En la popularísima serie de Luis Miguel el Baby’O figura como un personaje más, y no dudo de que haya sido decisivo en la vida de muchas otras celebridades como Enrique Peña Nieto, Alfredo del Mazo Maza y Jorge Emilio González, Tony Curtis, Bono, Rod Stewart, Donna Summer, Julio Iglesias, Elizabeth Taylor o Édgar Valdez.
Recuerdo las infaltables crónicas de El Heraldo de México llamadas algo así como “Aquí en Aca”, donde nunca dejaba de aparecer como la sala de fiestas obligada de artistas y juniors mexicanos y extranjeros. Fue, aunque suene forzado, nuestro Studio 54.
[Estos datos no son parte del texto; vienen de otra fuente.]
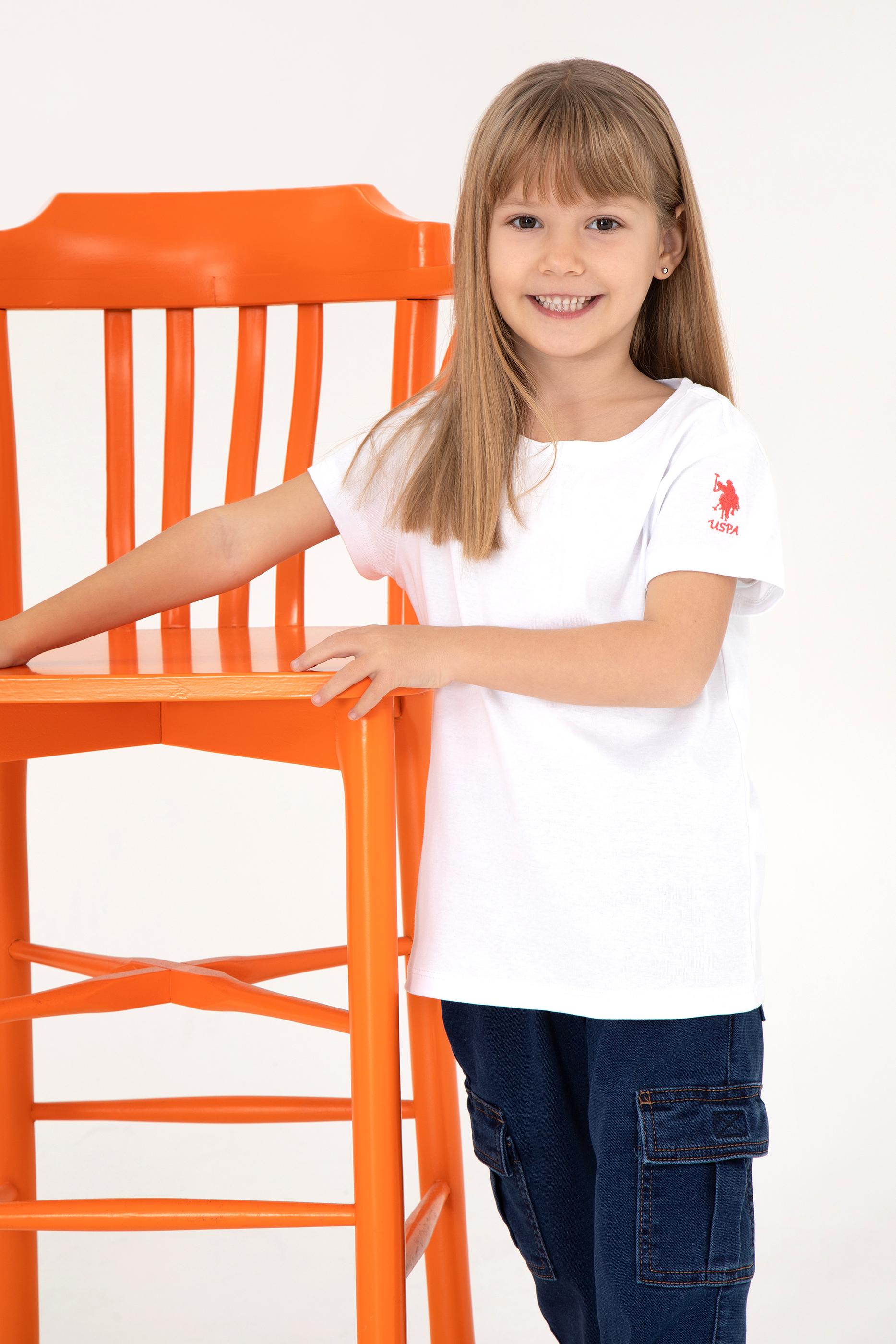 Kız Çocuk Beyaz Bisiklet Yaka Basic Tişört

No me cabe la menor duda de que se trataba de una institución y de que, tristemente, es una más de las muchas, muchísimas que hemos visto, vemos o veremos desaparecer en estos tiempos aciagos donde tirios (¿el gobierno?) y troyanos (¿los narcos?) parecen empeñados en imponer un modelo diferente de país.
Hoy, el Baby’O se ha reducido a cenizas. Ayer que corrió la noticia y la prensa buscó a Eduardo Césarman —al que conocí bien de adolescentes—, el fundador junto con Rafael Villicaña, me sorprendió la ecuanimidad con la que se refirió a la destrucción de su recinto: no hubo en su comentario un solo atisbo de intención de reconstruirlo. Era como escuchar a alguien que ya se había resignado a ser parte de ese lento pero implacable tsunami que hace mucho comenzó a arrasar con Acapulco, o al menos, con un Acapulco que los miembros de antiguas generaciones conocimos y amamos y que fue parte indispensable de nuestra educación sentimental. Lo que sí hubo fue una tímida alusión al crimen organizado, al cual, sin señalar a nadie en particular, atribuyó el atentado. “El Acapulco que conocemos es amigable, no es un Acapulco donde haya crimen”, declaró Césarman, al parecer no demasiado enterado de las cosas que pasan todos los días en aquel puerto y en este México donde el crimen se ha organizado para crear las nuevas reglas.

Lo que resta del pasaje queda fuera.